Nvidia Wins $20M In DARPA Money To Work On Hyper-Efficient Chips
coondoggie writes "Nvidia said this week it got a contract worth up to $20 million from the Defense Advanced Research Projects Agency to develop chips for sensor systems that could boost power output from today's 1 GFLOPS/watt to 75 GFLOPS/watt."
But you will need their proprietary driver.
It seems to me a x75 increase in power efficiency should be worth to nVidia (or any competitor) much more than $20M, why does DARPA need to fund this, this seems exactly like the kind of work which doesn't need DARPA money. DARAPA should spend money where it is not clearly economic for others to do so.
Why GFLOPS/watt? that is (operations/second)/(Joules/second). why not just operations/joule?
As things usually do, the results of this research will eventually trickle down to desktops, laptops and mobile devices, and will result in either lesser power consumption or the same power consumption but in higher performance -- either way it's a plus. I just wish the contract could've been given to someone other than NVIDIA as it would be nice if the results of the research were released completely for free to the public instead of being patented up the wazoo, but alas, NVIDIA has so much experience in these things that it just makes sense to slap them with it if you expect results.
So of course the Federal government needs to blow $20 million of taxpayer money, irregardless of its fiscal condition.
Slashdot: Playing Favorites Since 1997
We passed 1e+07 operations per kWh in 1965.
We passed 1e+08 operations per kWh in 1971.
We passed 1e+09 operations per kWh in 1976.
We passed 1e+10 operations per kWh in 1981.
We passed 1e+11 operations per kWh in 1987.
We passed 1e+12 operations per kWh in 1992.
We passed 1e+13 operations per kWh in 1997.
We passed 1e+14 operations per kWh in 2001.
We passed 1e+15 operations per kWh in 2008.
citation and graph
Energy efficiency consistently doubles approximately every 1.6 years, so if we are at ~16 glops/watt right now, then we will blow past DARPA's target early in 2016... just a little over 3 years from now.
"His name was James Damore."
So of course the Federal government needs to blow $20 million of taxpayer money, irregardless of its fiscal condition.
I prefer it was spent on computing, rather than explosions.
- Nec Impar Pluribus, or so I'm told.
Out of curiosity (and I ask because I genuinely don't know), how many flops/watt do modern smartphones do? What about the GPU coprocessors in them?

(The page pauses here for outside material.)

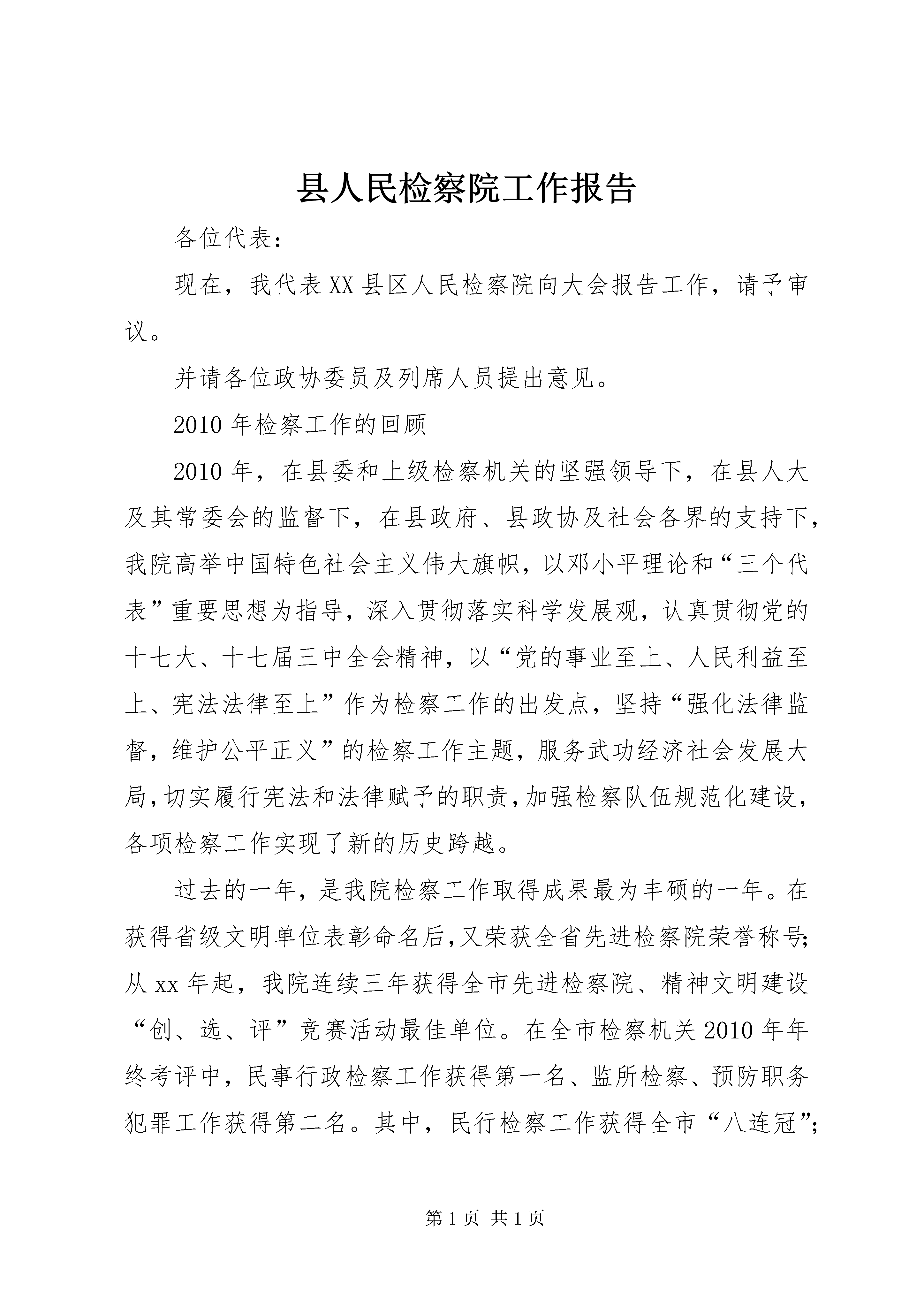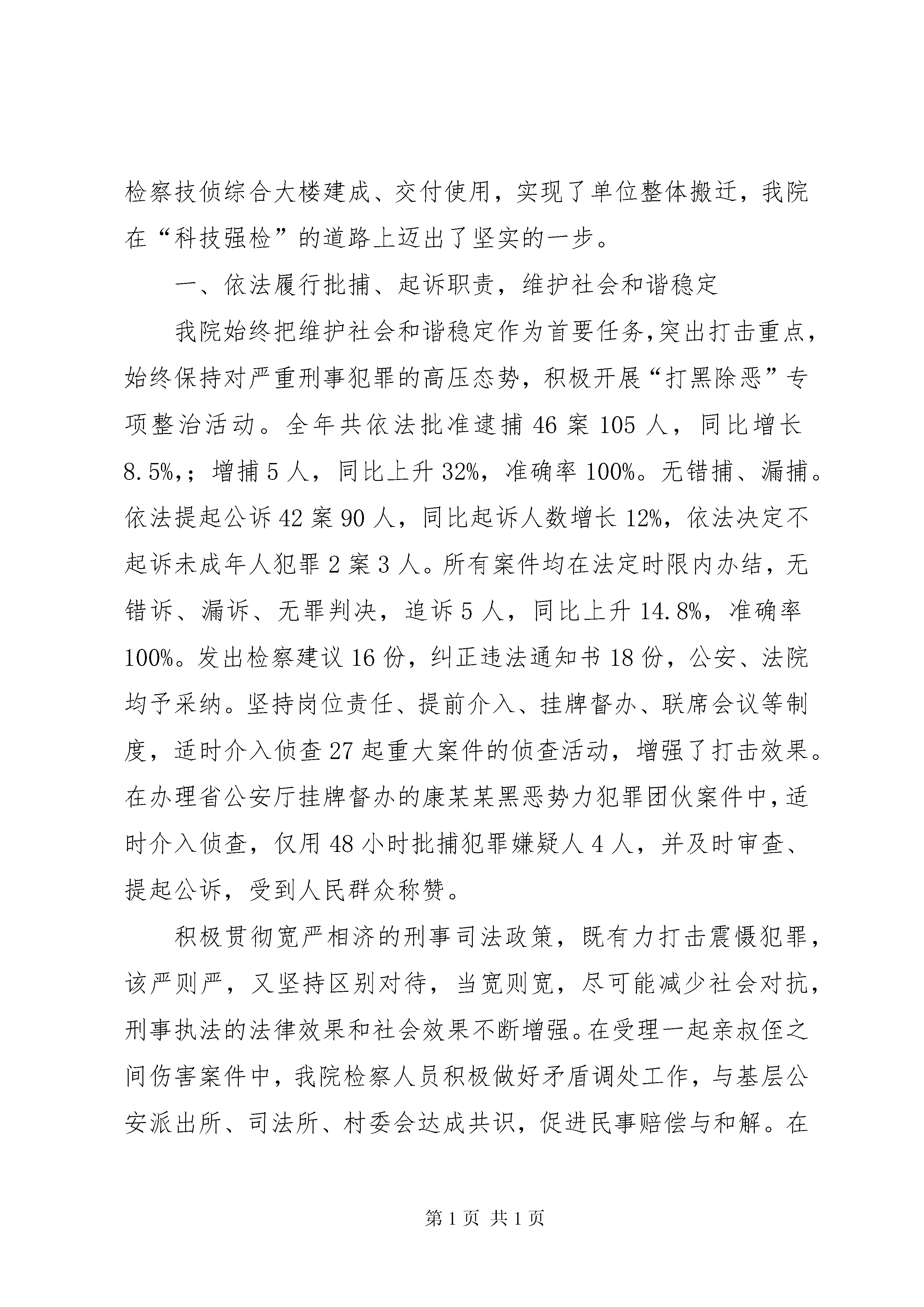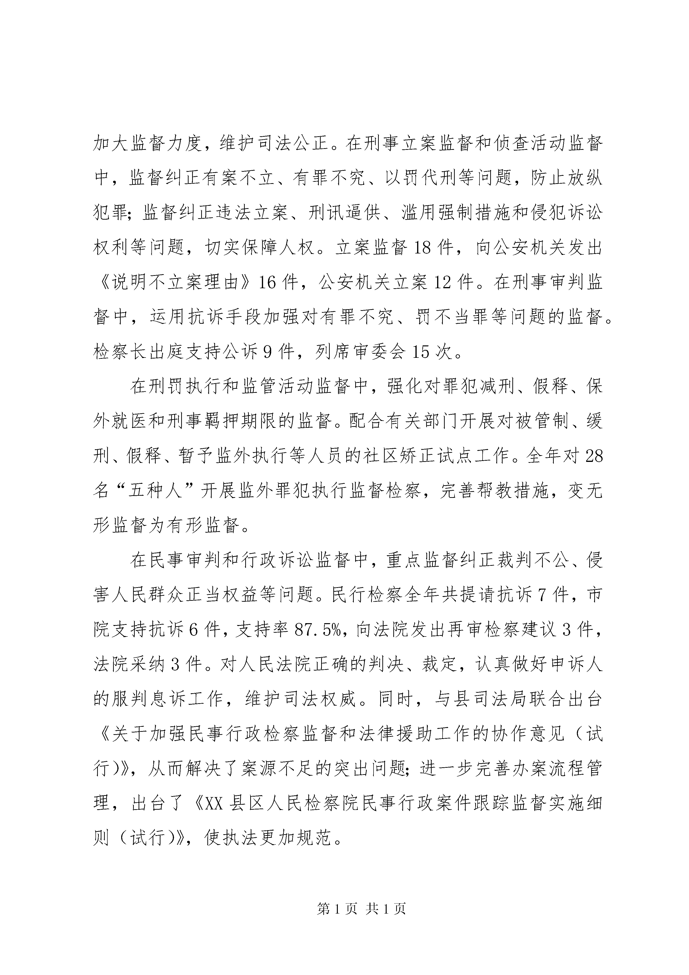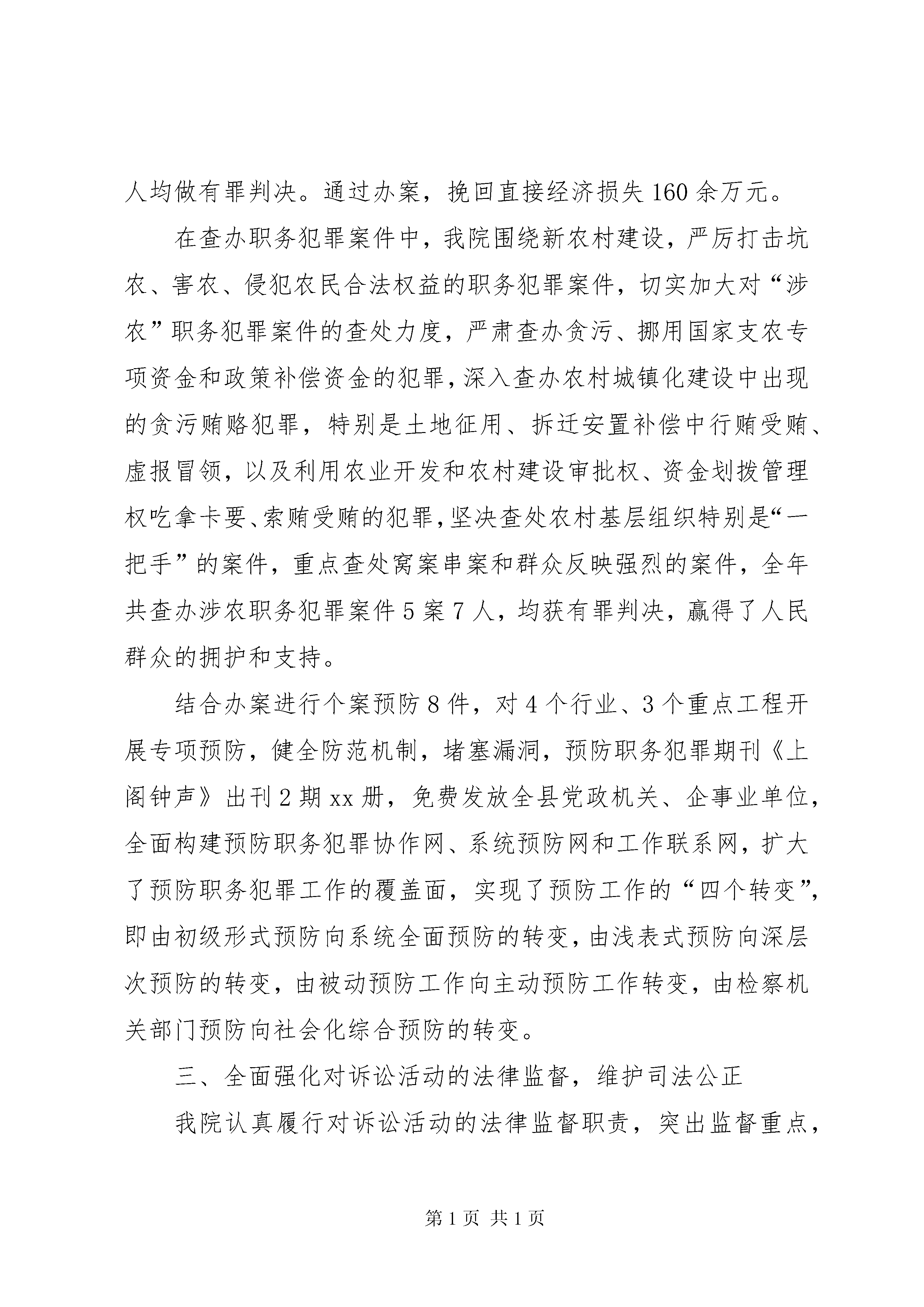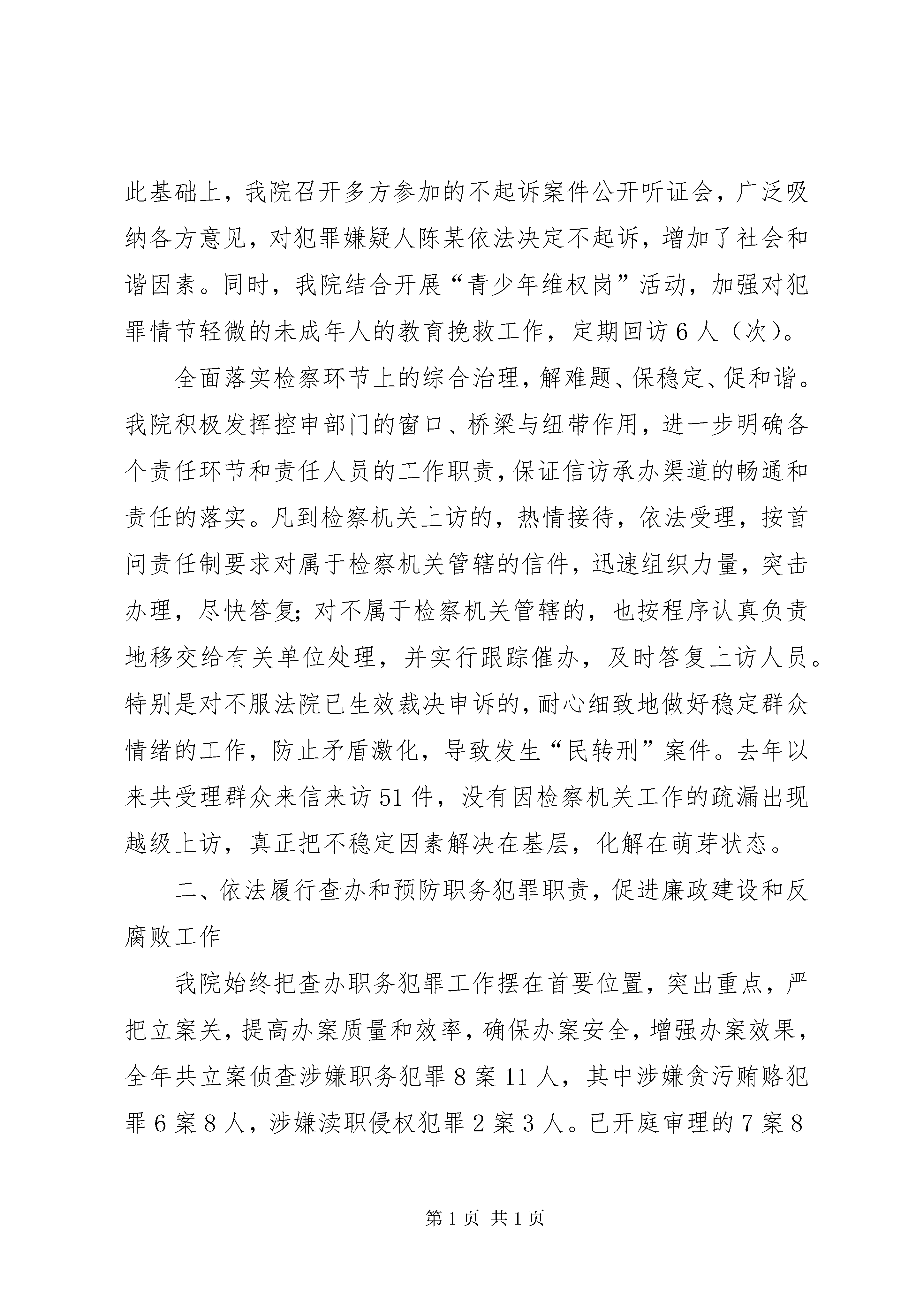 县人民检察院工作报告各位代表:现在,我代表XX县区人民检察院向大会报告工作,请予审议。并请各位政协委员及列席人员提出意见。2010年检察工作的回顾2010年,在县委和上级检察机关的坚强领导下,在县人大及其常委会的监督下,在县政府、县政协及社会各界的支持下,我院高举中国特色社会主义伟大旗帜,以邓小平理论和“三个代表”重要思想为指导,深入贯彻落实科学发展观,认真贯彻党的十七大、十七届三中全会精神,以“党的事业至上、人民利益至上、宪法法律至上”作为检察工作的出发点,坚持“强化法律监督,维护公平正义”的检察工作主题,服务武功经济社会发展大局,切实履行宪法和法律赋予的职责,加强检察队伍规范化建设,各项检察工作实现了新的历史跨越。过去的一年,是我院检察工作取得成果最为丰硕的一年。在获得省级文明单位表彰命名后,又荣获全省先进检察院荣誉称号;从xx年起,我院连续三年获得全市先进检察院、精神文明建设“创、选、评”竞赛活动最佳单位。在全市检察机关2010年年终考评中,民事行政检察工作获得第一名、监所检察、预防职务犯罪工作获得第二名。其中,民行检察工作获得全市“八连冠”;检察技侦综合大楼建成、交付使用,实现了单位整体搬迁,我院在“科技强检”的道路上迈出了坚实的一步。一、依法履行批捕、起诉职责,维护社会和谐稳定我院始终把维护社会和谐稳定作为首要任务,突出打击重点,始终保持对严重刑事犯罪的高压态势,积极开展“打黑除恶”专项整治活动。全年共依法批准逮捕46案105人,同比增长8.5%,;增捕5人,同比上升32%,准确率100%。无错捕、漏捕。依法提起公诉42案90人,同比起诉人数增长12%,依法决定不起诉未成年人犯罪2案3人。所有案件均在法定时限内办结,无错诉、漏诉、无罪判决,追诉5人,同比上升14.8%,准确率100%。发出检察建议16份,纠正违法通知书18份,公安、法院均予采纳。坚持岗位责任、提前介入、挂牌督办、联席会议等制度,适时介入侦查27起重大案件的侦查活动,增强了打击效果。在办理省公安厅挂牌督办的康某某黑恶势力犯罪团伙案件中,适时介入侦查,仅用48小时批捕犯罪嫌疑人4人,并及时审查、提起公诉,受到人民群众称赞。积极贯彻宽严相济的刑事司法政策,既有力打击震慑犯罪,该严则严,又坚持区别对待,当宽则宽,尽可能减少社会对抗,刑事执法的法律效果和社会效果不断增强。在受理一起亲叔侄之间伤害案件中,我院检察人员积极做好矛盾调处工作,与基层公安派出所、司法所、村委会达成共识,促进民事赔偿与和解。在此基础上,我院召开多方参加的不起诉案件公开听证会,广泛吸纳各方意见,对犯罪嫌疑人陈某依法决定不起诉,增加了社会和谐因素。同时,我院结合开展“青少年维权岗”活动,加强对犯罪情节轻微的未成年人的教育挽救工作,定期回访6人(次)。全面落实检察环节上的综合治理,解难题、保稳定、促和谐。我院积极发挥控申部门的窗口、桥梁与纽带作用,进一步明确各个责任环节和责任人员的工作职责,保证信访承办渠道的畅通和责任的落实。凡到检察机关上访的,热情接待,依法受理,按首问责任制要求对属于检察机关管辖的信件,迅速组织力量,突击办理,尽快答复;对不属于检察机关管辖的,也按程序认真负责地移交给有关单位处理,并实行跟踪催办,及时答复上访人员。特别是对不服法院已生效裁决申诉的,耐心细致地做好稳定群众情绪的工作,防止矛盾激化,导致发生“民转刑”案件。去年以来共受理群众来信来访51件,没有因检察机关工作的疏漏出现越级上访,真正把不稳定因素解决在基层,化解在萌芽状态。二、依法履行查办和预防职务犯罪职责,促进廉政建设和反腐败工作我院始终把查办职务犯罪工作摆在首要位置,突出重点,严把立案关,提高办案质量和效率,确保办案安全,增强办案效果,全年共立案侦查涉嫌职务犯罪8案11人,其中涉嫌贪污贿赂犯罪6案8人,涉嫌渎职侵权犯罪2案3人。已开庭审理的7案8人均做有罪判决。通过办案,挽回直接经济损失160余万元。在查办职务犯罪案件中,我院围绕新农村建设,严厉打击坑农、害农、侵犯农民合法权益的职务犯罪案件,切实加大对“涉农”职务犯罪案件的查处力度,严肃查办贪污、挪用国家支农专项资金和政策补偿资金的犯罪,深入查办农村城镇化建设中出现的贪污贿赂犯罪,特别是土地征用、拆迁安置补偿中行贿受贿、虚报冒领,以及利用农业开发和农村建设审批权、资金划拨管理权吃拿卡要、索贿受贿的犯罪,坚决查处农村基层组织特别是“一把手”的案件,重点查处窝案串案和群众反映强烈的案件,全年共查办涉农职务犯罪案件5案7人,均获有罪判决,赢得了人民群众的拥护和支持。结合办案进行个案预防8件,对4个行业、3个重点工程开展专项预防,健全防范机制,堵塞漏洞,预防职务犯罪期刊《上阁钟声》出刊2期xx册,免费发放全县党政机关、企事业单位,全面构建预防

Modern GPU's are great, but they're not even optimized that strongly for power consumption.
Current NVIDIA K20X compute card produces 5.575 Gflops double precision/Watt:
http://www.anandtech.com/show/6446/nvidia-launches-tesla-k20-k20x-gk110-arrives-at-last
Note that these cards are slightly different than consumer graphics cards. They have more double-precision pipelines because scientific computing cares more about that kind of math. They are also much more expensive than consumer cards. The underlying chip design is similar to the 600-series graphics cards. You can think of it as a modified version optimized for math, since the 600 series came out first, and is being produced in higher volume.